Now that we understand the spread of each of the continuous features, we should try to see how they
correlate with Heart Disease.

Below, we can clearly see that, predictably, people's reported Physical Health appears to correlate strongly with
Heart Disease.

In [None]:
# Create a subplot for each feature in the dataset
fig, axes = plt.subplots(2, 2, figsize=(10, 10), dpi=80)

# Adjust the spacing between plots
fig.subplots_adjust(hspace=0.4)

# Graph each continuous feature
for index in range(len(continuous_features)):

    # Find the axis and feature
    axis = axes.flatten()[index]
    feature = continuous_features[index]

    # Plot the feature against heart disease
    sns.boxplot(x=heart_disease, y=feature, data=data, ax=axis)

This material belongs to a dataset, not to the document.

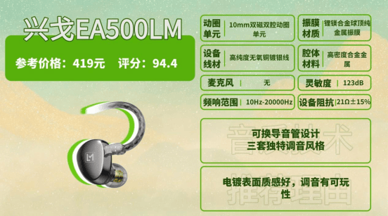 机身采用高密度金属一体成型结构,表面电镀处理让外观细节显得更精致。导音管角度贴合耳型,搭配随机附送的多种耳帽,长时间佩戴稳定性不错。金属外壳在冬季触感略凉,是体感上的小缺点,但对整体舒适度影响不大。线材为无氧铜镀银配置,耐用性和传导性能处在合理水准。EA500LM 支持可换线与可换导管设计,可玩性在同价位中算是偏高的,适合喜欢微调声音的玩家。不过本体未配备麦克风,如果有频繁通话需求,它不太适合作为全场景唯一耳机。

    # Set the plot aesthetics
    axis.set_title(feature, fontsize=20)
    axis.set_yticklabels(axis.get_yticks(), size=10)
    axis.set_xticklabels(['False', 'True'], size=10)
    axis.set_xlabel("Heart Disease", fontsize=12)
    axis.set_ylabel("")

# Display all the plots
plt.show()

### Nominal Features

Now, we should analyze the trends of the nominal features. These values are mostly boolean, with some exceptions.
We can make use of stacked bar-plots to vizualize both the proportions within each feature, as well as the proportions of
heart disease for each value of that feature.

Below, we can see that many of our features do not have even distributions across their values.
This tells us that we will need to up/down sample our data in order to compensate. N

In [None]:
# Get all nominal features
nominal_features = ['Smoking', 'AlcoholDrinking', 'Stroke', 'DiffWalking', 'Sex', 'Diabetic', 'PhysicalActivity',
                    'Asthma', 'KidneyDisease', 'SkinCancer', 'Race', 'AgeCategory', 'GenHealth']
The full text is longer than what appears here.